Sifting Through The Noise: Frameworks for Identifying Important Features using Latent Variables or Sparsity
Talk by Paul Wilson-Harmon (PhD Proposal in Statistics)
5/15/2020 1:00pm Online
In statistical learning, discrimination between signal and noise features is often an issue of great significance. In multivariate settings, results can be greatly improved by removing noise features prior to implementation of a given algorithm. This talk comprises three distinct research projects sharing this common theme, but across different statistical methodologies and settings.

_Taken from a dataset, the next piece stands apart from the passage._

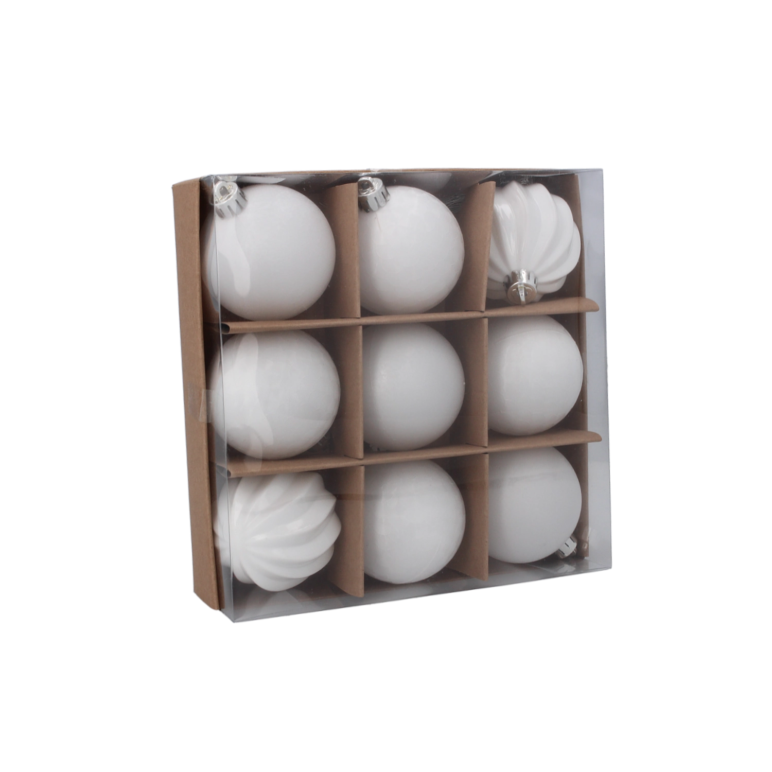 Opakowanie zawiera 9 sztuk do równomiernego rozmieszczenia na średniej wielkości choince. Jednolita biel umożliwia łatwe dopasowanie do innych dekoracji, łańcuchów świetlnych i wstążek. Idealne także do DIY – możesz je wykończyć brokatem, wstążkami lub napisami.

In the first setting, I consider the Carnegie Classification of Institutions of Higher Education (CCIHE), which attempts to quantify doctoral research productivity at universities using Principal Component Analysis (PCA) to estimate latent indices of research performance and return three groups of schools. However, PCA does not provide an intuitive framework for latent-variable modeling, nor does it allow for data-driven selection of groups. Instead, I overview an alternate method using Structural Equation Modeling (SEM) to reframe the question in an explicit latent variable context. The SEM estimates a latent factor-of-factors score for each institution that can be input into a clustering algorithm. Then, using Model-Based Clustering, I calculate data-driven clusters that better allow for peer-to-peer comparisons between institutions.
In the second and third applications, I consider the effect of sparsity on unsupervised methods. Sparsity, in this case, results from a Lasso (L1) penalty on the features used in an algorithm to downweight individual features to 0, effectively removing noise and retaining signal-bearing ones. For clustering, I focus on a two-step sparse implementation of monothetic clustering, a divisive hierarchical clustering algorithm that makes grouping decisions based on single features at a time. Via utilization of sparsity to clean up the feature space prior to clustering, monothetic clustering can be done on a constrained set of features. Potential methods for tuning two important parameters, the number of clusters, k, and the degree of sparsity, s, will be discussed. Inclusion of additional external variables that inform the groupings but are not directly input into the clustering algorithm will be discussed as a potential extension.
Lastly, based on the framework for sparse monothetic clustering, I discuss extensions of sparsity to additional distance-based methods for dimension-reduction. I primarily will focus on frameworks for sparse implementations of t-distributed Stochastic Neighbor Embedding (t-SNE) and Classical Multidimensional Scaling (with non-Euclidean distances). I will outline a comparison of sparse and non-sparse methods, as well as discuss potential issues with tuning that may arise. This talk, which will serve as my dissertation proposal, will additionally outline my research plan and timeline.